Unfinished Business In The Balkans

U.S. Vice President Joe Biden (right) is welcomed to Sarajevo by Bosnian Foreign Minister Sven Alkalaj.

EU foreign-policy chief Javier Solana indicated recently to reporters that his upcoming trip to the Balkans with U.S. Vice President Joe Biden would be an unprecedented show of unity.

"This will be an important meeting," Solana said. "This will be the first that together, the Americans and the Europeans, at that level, do go to Bosnia and express their common intentions to all the leaders of that country."

Solana also underscored the EU's leadership role in the Balkans. Although that may have been a politically correct thing to say, reality on the ground tells a different story.

It has been nine years since Yugoslav strongman Slobodan Milosevic was ousted, a decade since the NATO military intervention in Kosovo, and 14 years since the Dayton agreement brought a fragile halt to the fighting in Bosnia-Herzegovina.

Through it all, one thing has been clear: From the very beginning -- stretching back to the crises of the late 1980s and unproductive talks with the leadership of Yugoslavia, through the various "observer" missions that did little more than observe the collapse of one country after another into violence and war, and up to the present day, the EU has never had a vision on how to move forward in the Balkans. Various EU members have adopted differing, sometimes contradictory, policies in the Balkans; different European countries have supported various Yugoslav successor states at different times.

As a result, the best the EU can hope to achieve today is to maintain a dissatisfying status quo. Europe today is unable to resolve its own security issues, much less focus on the Balkans. As Edward Joseph wrote in "Foreign Policy," "Brussels is indifferent at best, and divided at worst, when it comes to the pressing issues in the Balkans."

So Biden's visit, which began in Sarajevo on May 19 and proceeds to Belgrade and Pristina later in the week, brings the hope that yet another "reset button" will soon be pressed and that the United States will again take up the unfinished business in the Balkans. The new U.S. administration wants to bring "a new focus, a new sense of energy, a new activism with regard to Bosnia-Herzegovina and the region as a whole," U.S. Ambassador to Bosnia Charles English said last week.

U.S. 'Reset' In The Balkans

The key to the Balkans today is Bosnia. The central government there is being dangerously undermined by the separatist policies of the Republika Srpska, the country's ethnic-Serbian entity, and by the disastrous policies of the Sarajevo-based authorities. Tolerance of ethnic, religious, and cultural diversity in Bosnia today is far lower than it was in the prewar-Yugoslavia period.

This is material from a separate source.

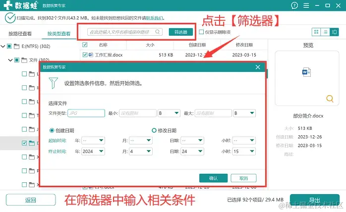 步骤3:扫描完成后,在界面上选择需要查看的文件类型,在右侧可以对扫描到的文件进行勾选,如果扫描到的文件比较多,可以尝试使用【筛选器】对文件进行定位。

Biden addresses Bosnian parliament in Sarajevo on May 19.
The U.S. House of Representatives recently passed a resolution calling for constitutional reform in Bosnia and the naming of a special envoy to the region who would be tasked with facilitating reforms at all levels of Bosnian government and society. Fearing this would mean a new U.S. push to strengthen central authority at the expense of the country's so-called entities, Bosnian Serbs are opposing increased U.S. involvement and the naming of a U.S. envoy (interestingly, no one has ever protested against EU involvement).

Former Bosnian Serb soldiers have announced protests, distributed flyers, and tacked up posters opposing more U.S. involvement in the Balkans. Serbian nationalists in Belgrade are on the same page, opposing a strong Bosnian state because their ultimate goal is for the Republika Srpska to secede.

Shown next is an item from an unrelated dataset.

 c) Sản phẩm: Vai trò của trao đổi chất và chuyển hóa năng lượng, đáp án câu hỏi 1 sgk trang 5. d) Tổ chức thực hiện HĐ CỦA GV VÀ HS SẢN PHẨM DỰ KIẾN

Perhaps the key event for evaluating Biden's trip to the Balkans is not the visit to Sarajevo, but the May 20 stopover in Belgrade. If the region is to be stabilized, Serbia must take steps to accept the integrity and sovereignty of Bosnia. Serbian President Boris Tadic must make it clear that Bosnia's Serbs must seek solutions to their problems in Sarajevo and not in Belgrade.

Croatia made this step eight years ago and it marked the beginning of the process by which Bosnia's Croats ceased to think of themselves merely as an ethnic group but also as citizens of Bosnia. Bosnia's Serbs have not even begun this process.

Political Will Needed


Experts say Biden will ask Belgrade to encourage Serbs in Bosnia and in Kosovo to engage with the central authorities in Sarajevo and Pristina, respectively. But both Tadic and Bosnian Serb Prime Minister Milorad Dodik -- who were both once darlings of the United States and the EU -- have been moving steadily toward the nationalists and away from European integration. Various world leaders and envoys keep coming to the Balkans and urging reform. But while they depart and are replaced, Bosnia's leaders -- and its problems -- remain the same.

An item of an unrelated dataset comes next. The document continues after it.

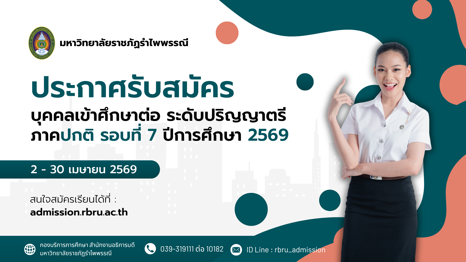 เปิดสมัครคัดเลือกบุคคลเข้าศึกษาระดับปริญญาตรี ภาคปกติ รอบที่ 7 ปีการศึกษา 2569 ระหว่างวันที่ 2 - 30 เมษายน 2569

Jonathan Eyal, of Britain's Kings Institute, tells RFE/RL that U.S. President Barack Obama has put Biden in charge of the Balkans. Eyal thinks the U.S. administration will try not to get bogged down in small crises as they occur but will focus on finding solutions for the entire region.

But to make progress, Biden will have to secure the political will of his hosts, the same people who have manifestly not demonstrated that will in recent years. It would seem that the prospects of NATO and EU membership -- and the doors to these organizations have been open to the Balkans countries for years -- are not enticing enough.

The question of this political will is even more uncertain when one considers Russia's involvement in the region. Moscow already controls the oil sector in Serbia and Bosnia and is building pipelines in the region. It provides diplomatic support for the Serbian position on Kosovo, and has regular contacts with the leadership of the Republika Srpska in Banja Luka. Bosnia's Serbs recently refused to participate in NATO-led military exercises in Georgia.

But a failure to "reset" the reform process in Bosnia is fraught with danger. The country is at risk of becoming an economic colony of its neighbors. Without the possibility of EU membership, the country will remain what it is now -- unwelcome in the region, dysfunctional, and deeply divided between aggrieved Muslims, frustrated Serbs, and endangered Croats. It will remain a safe haven for crime and a threat to European security.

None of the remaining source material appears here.